Sunday, April 20, 2014

The Book Of The Absurd

Gabriel García Márquez should have held on for a few more days, preferably until the twenty-second or the twenty-third of the month. Had it been the twenty-second, he would have died on the same day in 1616 as Miguel de Cervantes. If the twenty-third, it would have been the same day as Cervantes was buried. It would also have been World Book Day and Saint George's Day, aka (in Catalan) the Diada de Sant Jordi.

García Márquez was the modern Cervantes; his story-telling elevated him to an equal status. They are the two greatest novelists in the Spanish language and they both left an enormous legacy. With Cervantes it was "Don Quijote" and quixotism. García Márquez gave us the epic "One Hundred Years Of Solitude" and magical realism. This combination of the everyday with the fantastical will not pass into dictionary usage in the way that quixotism has, but magical realism is an enduring element of contemporary culture. The juxtaposition of the normal and the absurd can, for example, describe much comedy. As such, García Márquez placed the real next to the surreal. It was story-telling with a splash of Dalism.

There was a common thread to these two literary greats' work. The absurd. A reason why Cervantes is still so meaningful today is that quixotism, the pursuit of impractical ideals that can lead to absurd consequences, might be used as a metaphor for certain political, societal or business aims. If one were being really harsh, one might describe the whole European "project" as quixotic. But then one would have to have a real downer on Europe in order to do so.

The death of García Márquez has been met in Spain with grief tempered with pride at his literary achievements. But though he attained a status to match Cervantes, for the Spanish there is one very crucial difference. He wasn't Spanish. He was a standard-bearer for the Spanish language and so therefore for the notion of "Spanishness", but having been Colombian he can't be claimed as Spain's own.

Placing Cervantes and García Márquez on a similar pedestal, one separated by over three centuries, should offer a pause for thought. Despite a rich literary tradition, Spanish has failed to produce novelists or other writers of genuinely global legendary status. Cervantes died, remarkably enough, only one day before William Shakespeare, just one writer in English among numerous others with legendary status. Germany has given several - Böll, the Brothers Grimm, Grass, Hesse, Thomas Mann.
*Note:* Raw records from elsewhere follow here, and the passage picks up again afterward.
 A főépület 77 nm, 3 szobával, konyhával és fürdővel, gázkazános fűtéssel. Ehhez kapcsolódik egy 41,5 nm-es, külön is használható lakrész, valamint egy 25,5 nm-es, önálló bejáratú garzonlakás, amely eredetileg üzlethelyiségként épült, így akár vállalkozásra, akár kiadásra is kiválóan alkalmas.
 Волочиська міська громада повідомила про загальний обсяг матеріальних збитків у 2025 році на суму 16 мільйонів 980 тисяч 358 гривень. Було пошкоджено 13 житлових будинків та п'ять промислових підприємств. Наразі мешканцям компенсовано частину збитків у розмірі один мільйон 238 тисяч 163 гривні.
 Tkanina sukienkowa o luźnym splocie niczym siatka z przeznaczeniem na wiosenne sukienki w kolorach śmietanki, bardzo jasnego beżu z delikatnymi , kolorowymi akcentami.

French has been about as prolific as English - Honoré de Balzac, Albert Camus, Gustave Flaubert, Victor Hugo, Guy de Maupassant, Marcel Proust, Jean-Jacques Rousseau, Émile Zola, the list goes on.

Spain possessed global presence and the Spanish language still possesses global diffusion and usage. A one-time great power, criteria were in place for literary cultural export in the original language and in translation. Yet somehow, it never really happened in the sense that Spanish writers did not attain the reputations of those from other major European powers. I am trying to think of a good explanation as to why, but I'm struggling.
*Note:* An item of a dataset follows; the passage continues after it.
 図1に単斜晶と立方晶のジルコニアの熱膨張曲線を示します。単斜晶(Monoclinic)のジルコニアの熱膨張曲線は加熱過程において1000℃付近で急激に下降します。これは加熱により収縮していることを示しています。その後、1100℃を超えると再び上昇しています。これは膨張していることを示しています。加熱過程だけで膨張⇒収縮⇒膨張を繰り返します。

One conclusion might be that Spain, regardless of one-time empire and that global presence, was and remained on the cultural periphery in European terms. But if this was the case with written culture, the same can't be said for other artistic endeavours. In the last century alone, Spain provided three towering figures to the world of art - Dali, Miró and Picasso. It has also provided the greatest of all - Francisco de Goya.

Whatever the reason, it will probably not be being mulled over too closely on 23 April. Thanks to some clever marketing by Spanish book publishers back in 1923, the burial date of Cervantes was chosen to be the day of the book. It has since become a worldwide "day", having been adopted by UNESCO. That the day happens to also be St. George's Day is just a coincidence. But the Diada de Sant Jordi is as much to do with books - more so in fact - than a saint's day.

Almost inevitably, the day is a day to proudly promote a Catalan literary tradition that was, for so many years during the last century, buried by proscription. In Sa Pobla there is a special honouring of Miquel López Crespí, a native of the town, a writer, novelist, poet and historian.

López Crespí will not be a familiar name. It is certainly not one that has travelled round the world. Yet here is a remarkable man who as a teenager was arrested in 1963 and tortured because of his opposition to the Franco regime. In honouring him, there is an honouring also, thanks to Ramon Llull, of a literary tradition - one in Catalan - which predates Spanish tradition. As a man of literature, López Crespí will doubtless recognise the greats in Castellano - Cervantes and García Márquez. But he would doubtless also reflect on the absurd. Books, in whatever language, should not be proscribed.